■ Entries shown ■
************
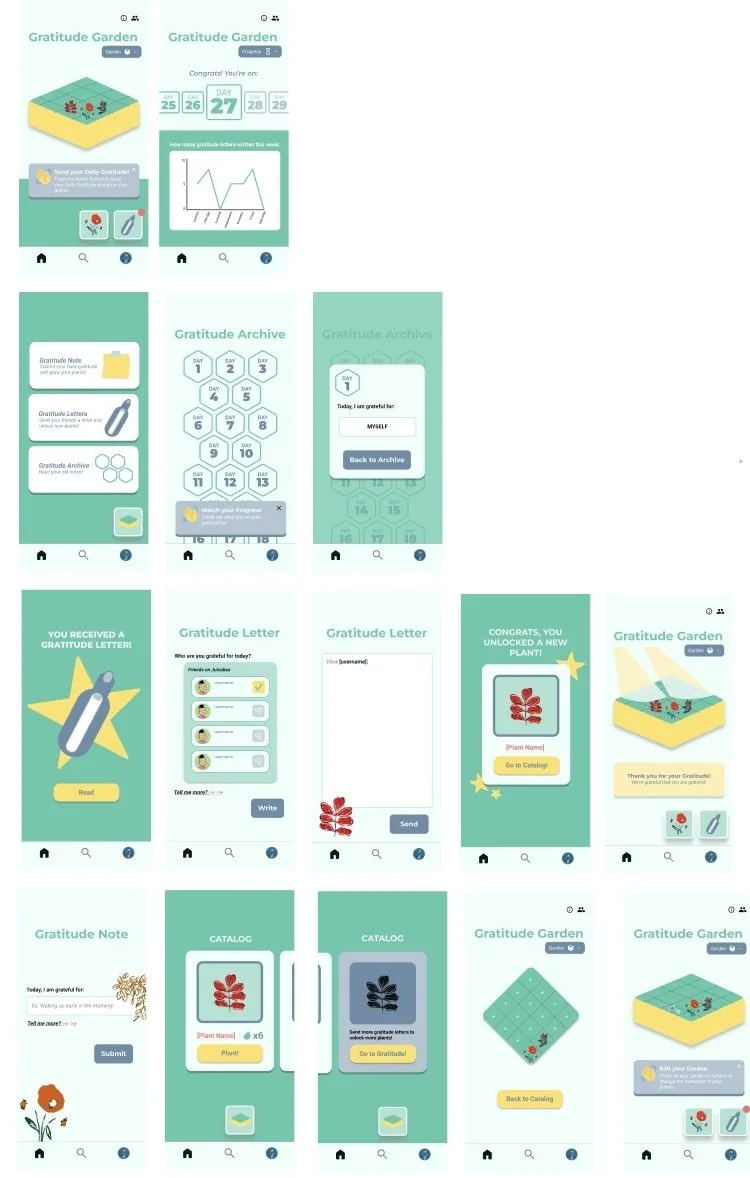 Gratitude Garden is one of our design solutions, which is primarily a maintenance widget where users are provided multiple options of garden biomes and plant options obtainable through daily gratitude notes
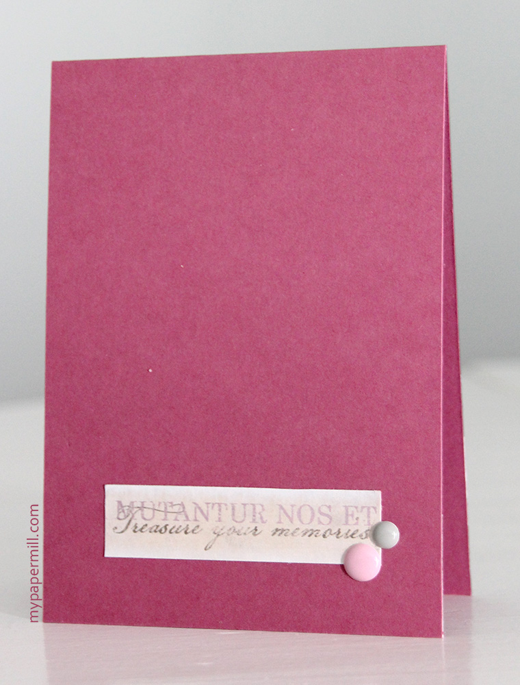 Simple back, with a couple of more dots and a tiny bit of the back of the strip that you usually cut off the patterned paper. Easy peasy lemon squeezy, as Laura Bassen would say.
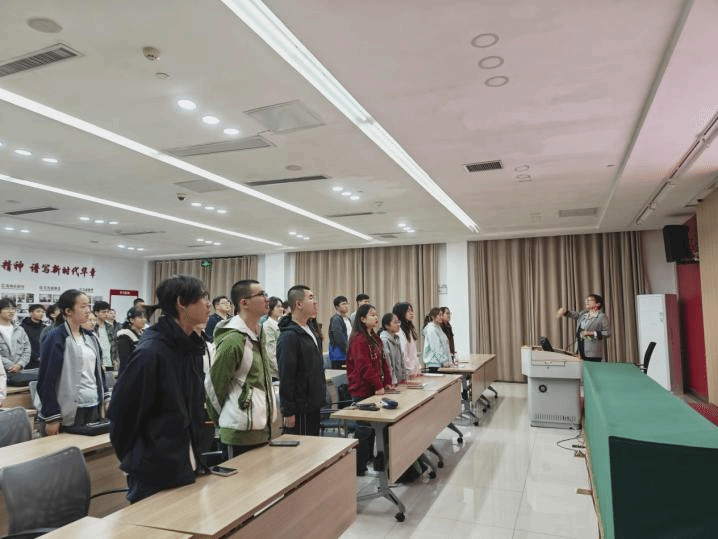 “革命军人个个要牢记,三大纪律八项注意。第一一切行动听指挥,步调一致才能得胜利。”在老师的指导下,同学们学唱经典红歌。嘹亮的歌声回荡在培训课堂,大家分组展示、相互鼓劲,在熟悉的旋律中重温革命岁月,感受红歌中蕴含的团结精神与乐观信念,进一步增强了班级凝聚力与集体荣誉感。
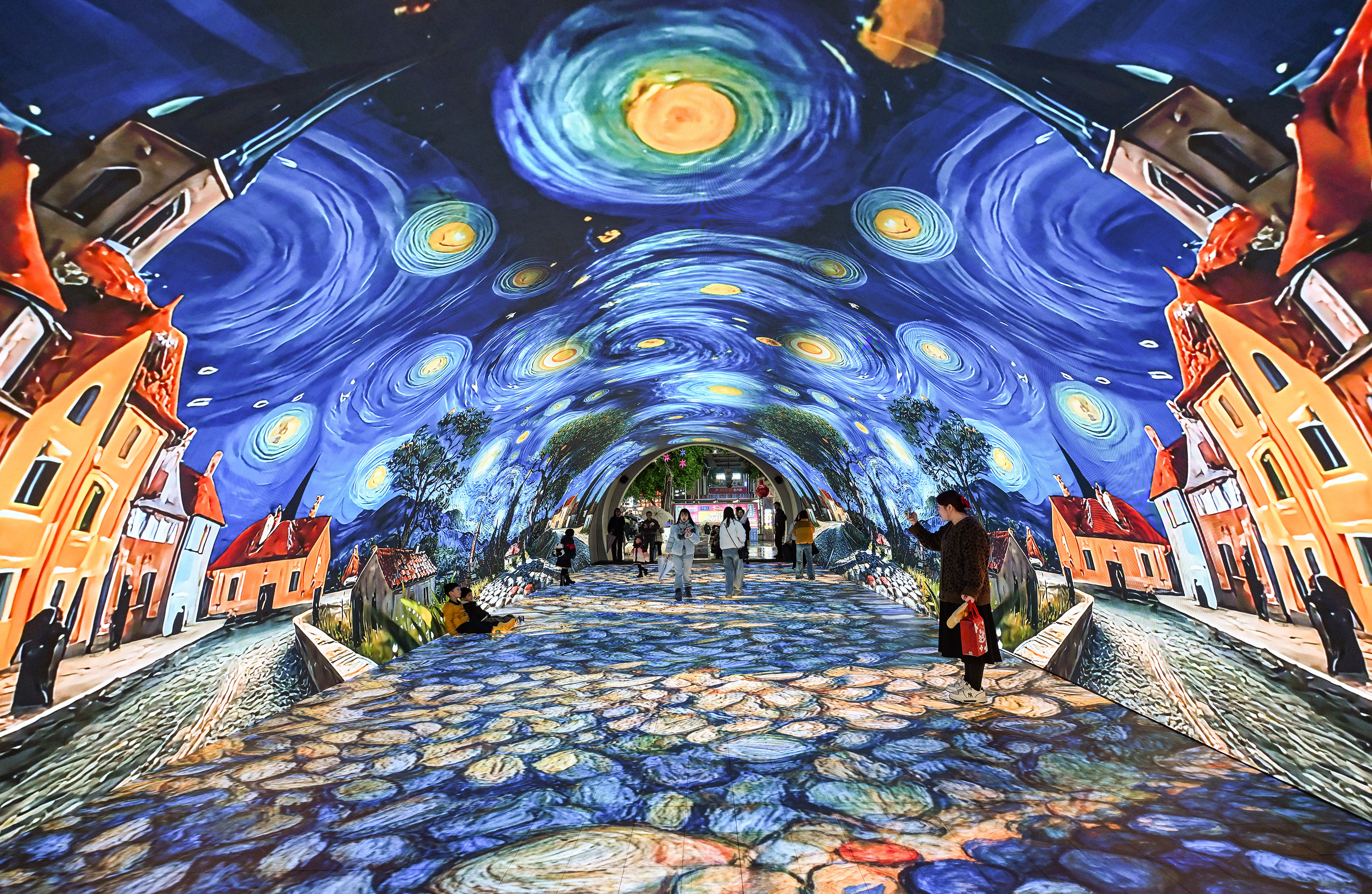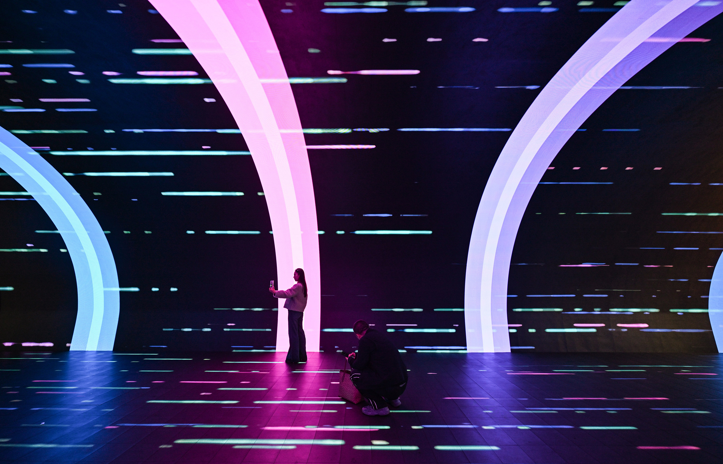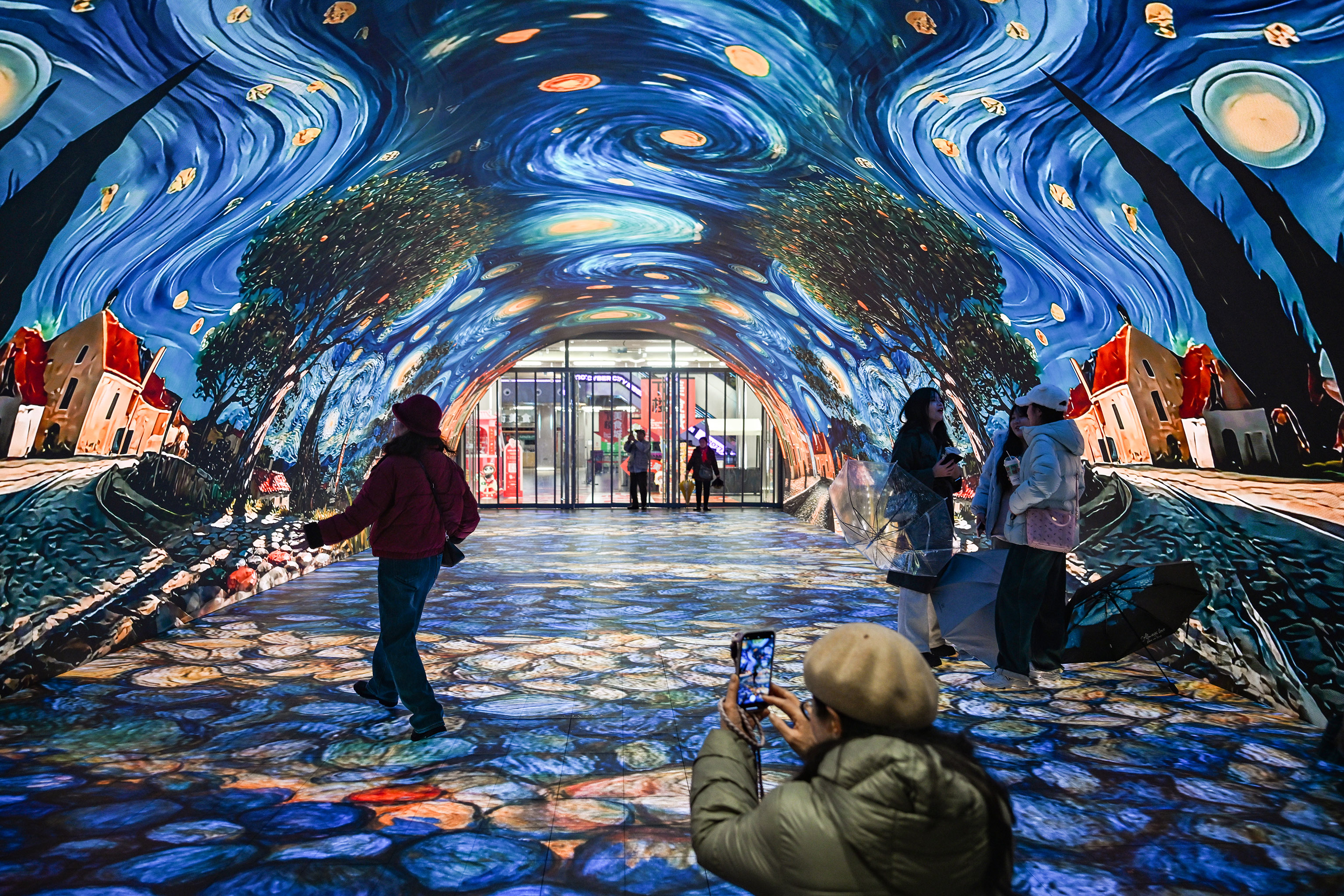 位于渝中区解放碑的一商场人行通道成为来往市民、游客的热门打卡点。该通道全覆盖LED屏,图案循环变换,时而映出《星月夜》旋涡光影,时而铺就流动银河,墙地光影交相呼应,动态企鹅画面还引得游客合拍共舞。沉浸式场景持续聚人气,为商场高效引流,激活商圈消费活力。
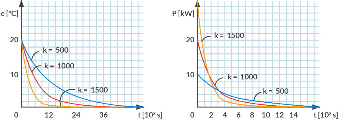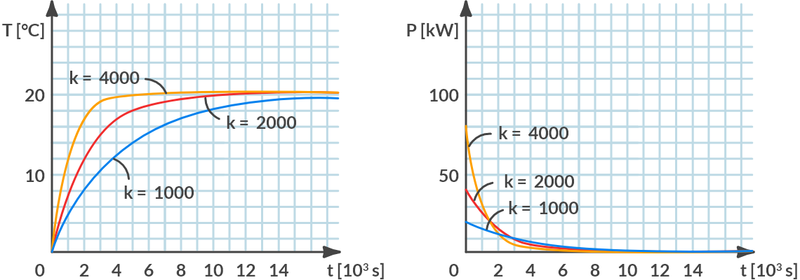 For \(k = 4000 \textrm{ W/°C}\), the heating must provide a maximum power at \(t = 0\) s of \(80000\) W.
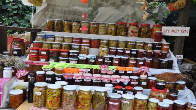 İzmir'in Çeşme ilçesi Ildır Mahallesi'nde yaşayan ev kadınları, hem üretiyor hem de ev ekonomilerine katkı sunuyor. Kadınlar, mahallelerinde yetişen her meyve ve sebzenin reçelini, turşusunu yapıyor. Özgün Işık (38) ile Fatma Yavuz (35), 60'a yakın reçel ve turşu yaptı. Farklı lezzetleri tezgaha koyarak müşterinin beğenisine sunan kadınlar, bu lezzetlerle şifa da dağıtıyor. Özgün Işık, bölgeye ait dağ çileği, mandalina, bardacık inciri, kavun, karpuz, hurma reçelleri, gelincik çiçeği reçeli, yaban mersini sirkesi yaptı. Işık ayrıca mandalina turşusu kurdu, ebegümeci çiçeğinin reçelini yaptı. Işık, "Bu reçel çok faydalı. Grip, nezle ve öksürüğe iyi geliyor" dedi.
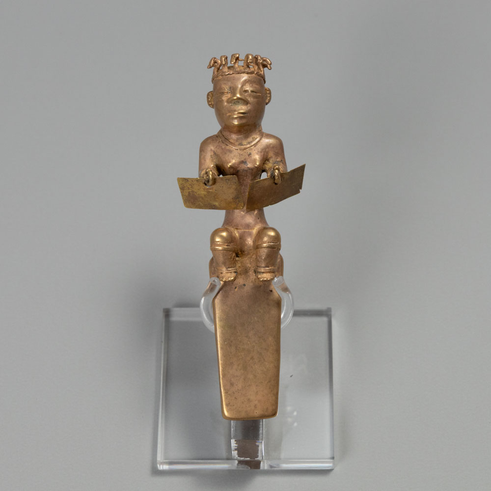 Culture: Urabá Region: Colombia Date/Origin: Circa AD 700–1000 Type: Pendant Material: Gold (tumbaga alloy) Dimensions: Description: Cast gold pendant of the Urabá region depicting a seated female figure positioned atop a long tapered plank. The figure is shown with bent knees and arms extended forward holding two sheet gold rectangular danglers. The head is finely modeled with expressive facial features and an elaborate headdress composed of upright curved elements. Pendants of this type were worn as elite ornaments and reflect the sophisticated casting traditions and symbolic imagery of ancient Colombian goldwork. A striking example with strong sculptural presence and refined detailing. Provenance: Private West Coast collection.
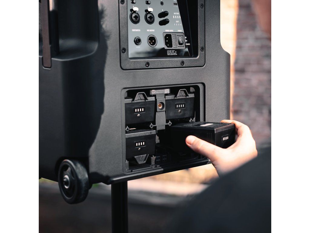 4 baterie a funkce hot-swap umožňují nepřetržitý provoz ANNY 12 bez přerušení. Dokud je připojena alespoň jedna ze čtyř baterií, ANNY bude pokračovat v přehrávání na plný výkon, takže vybitou baterii lze během provozu jednoduše vyměnit za plně nabitou nebo je střídat při nabíjení. Díky energeticky úspornému nastavení ECO vydrží baterie při přehrávání hudby na pozadí nebo při použití pouze pro hlasové aplikace obzvláště dlouho. Při střední hlasitosti v tomto režimu vydrží 4 baterie až 50 h, aniž by bylo nutné je vyměnit. Při večírcích s maximální hlasitostí vydrží v nastavení MUSIC úctyhodných 5 h.
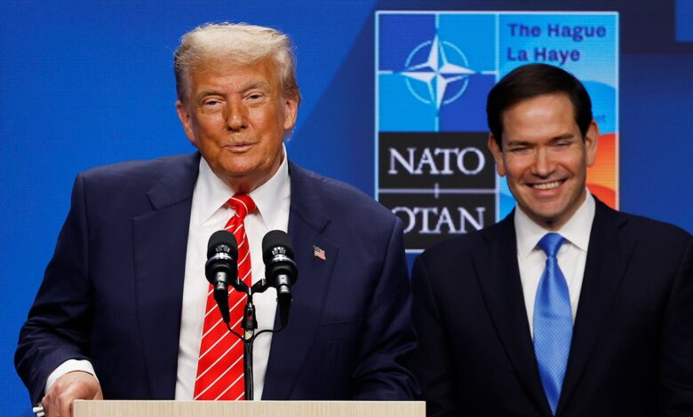 Prezident Donald Trump spolu s ministrem zahraničí Marcem Rubiem hovoří během tiskové konference po summitu NATO 25. června 2025 v nizozemském Haagu. Na programu summitu byl nový plán investic do obrany, který zvýšil cíl výdajů na obranu na 5 % HDP. (Omar Havana/Getty Images)
************
■ Task prompt ■
Please reproduce only the lines from the one holding "4 baterie a funkce" through the final line of the listing above, both included, with each picture left out.

■ Exercise solution ■
 4 baterie a funkce hot-swap umožňují nepřetržitý provoz ANNY 12 bez přerušení. Dokud je připojena alespoň jedna ze čtyř baterií, ANNY bude pokračovat v přehrávání na plný výkon, takže vybitou baterii lze během provozu jednoduše vyměnit za plně nabitou nebo je střídat při nabíjení. Díky energeticky úspornému nastavení ECO vydrží baterie při přehrávání hudby na pozadí nebo při použití pouze pro hlasové aplikace obzvláště dlouho. Při střední hlasitosti v tomto režimu vydrží 4 baterie až 50 h, aniž by bylo nutné je vyměnit. Při večírcích s maximální hlasitostí vydrží v nastavení MUSIC úctyhodných 5 h.
 Prezident Donald Trump spolu s ministrem zahraničí Marcem Rubiem hovoří během tiskové konference po summitu NATO 25. června 2025 v nizozemském Haagu. Na programu summitu byl nový plán investic do obrany, který zvýšil cíl výdajů na obranu na 5 % HDP. (Omar Havana/Getty Images)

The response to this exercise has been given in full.